2004-03-10 / Editorials

Mugged By City Hall

By Ronald Fraser

When tax hungry public officials team up with land hungry private developers, as is the case in the Queens Iron Triangle, innocent auto salvage business owners standing in the way are likely to get mugged city hall style. First, the city declares these viable businesses outcasts. Then their land can be forcibly purchased at a price the government deems "fair" and passed to a developer whose plans for the property will boost tax revenues.

The owner of Sambucci Brothers Auto Salvage, in business in the Triangle since 1951, recently told the New York Times, "You got thousands of people here making a living and landowners who have paid their taxes for decades, and we hear that we’re going to have our land seized. I can’t relocate this business. Where am I going to go?"

Instead of junkyards, the city wants a convention center, office buildings or a new stadium for the Jets or the Mets.

City Hall’s power to force owners from their land was originally restricted by the United States Constitution to public uses, such as building a public road or school. But private land developers, working hand in hand with City Hall, have found ways around these safeguards.

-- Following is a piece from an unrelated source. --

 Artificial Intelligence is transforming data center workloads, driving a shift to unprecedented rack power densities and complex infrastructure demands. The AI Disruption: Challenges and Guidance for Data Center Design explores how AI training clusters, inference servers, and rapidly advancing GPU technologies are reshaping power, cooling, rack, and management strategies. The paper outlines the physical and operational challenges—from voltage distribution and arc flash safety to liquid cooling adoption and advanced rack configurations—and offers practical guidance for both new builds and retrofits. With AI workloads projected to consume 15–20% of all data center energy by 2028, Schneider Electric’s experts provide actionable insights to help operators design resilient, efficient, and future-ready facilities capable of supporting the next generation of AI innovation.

Amendment V to the Constitution reads, "No person shall…be deprived of life, liberty, or property, without due process of law; nor shall private property be taken for public use without just compensation." All 50 state Constitutions have similar restrictions.

Land owners once trusted local governments to respect the Constitution. But then the U.S. Supreme Court tipped the playing field in favor of land developers. During the 1950s urban renewal fever was sweeping the nation. Thousands of towns across the nation got the urge—with urban development grants from Uncle Sam—to tear down older sections of town and encourage land developers to rebuild on the confiscated land.

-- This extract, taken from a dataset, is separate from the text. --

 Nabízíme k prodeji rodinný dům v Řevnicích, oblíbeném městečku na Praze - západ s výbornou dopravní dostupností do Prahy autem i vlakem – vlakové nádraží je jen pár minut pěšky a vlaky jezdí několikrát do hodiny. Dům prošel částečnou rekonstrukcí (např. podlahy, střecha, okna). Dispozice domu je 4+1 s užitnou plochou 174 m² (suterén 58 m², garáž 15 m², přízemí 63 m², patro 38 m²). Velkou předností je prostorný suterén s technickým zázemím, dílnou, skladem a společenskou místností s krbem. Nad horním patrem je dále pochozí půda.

Property owners in these targeted areas, however, often refused to sell. And since urban renewal did not fall under the traditional eminent domain definition of "public use," a few stubborn owners could stop a town’s urban renewal mania in its tracks.

Then, in 1954, by changing the longstanding requirement for public use to one of "public purpose," the Supreme Court in effect rewrote this part of the Constitution. To exercise eminent domain powers, local governments no longer had to show the land would be used for a bona fide public use. Governments could take private property by simply declaring that the plans for the property serves a public purpose. It no longer mattered that the land the government forcefully takes from private citizens ends up in the hands of private land developers.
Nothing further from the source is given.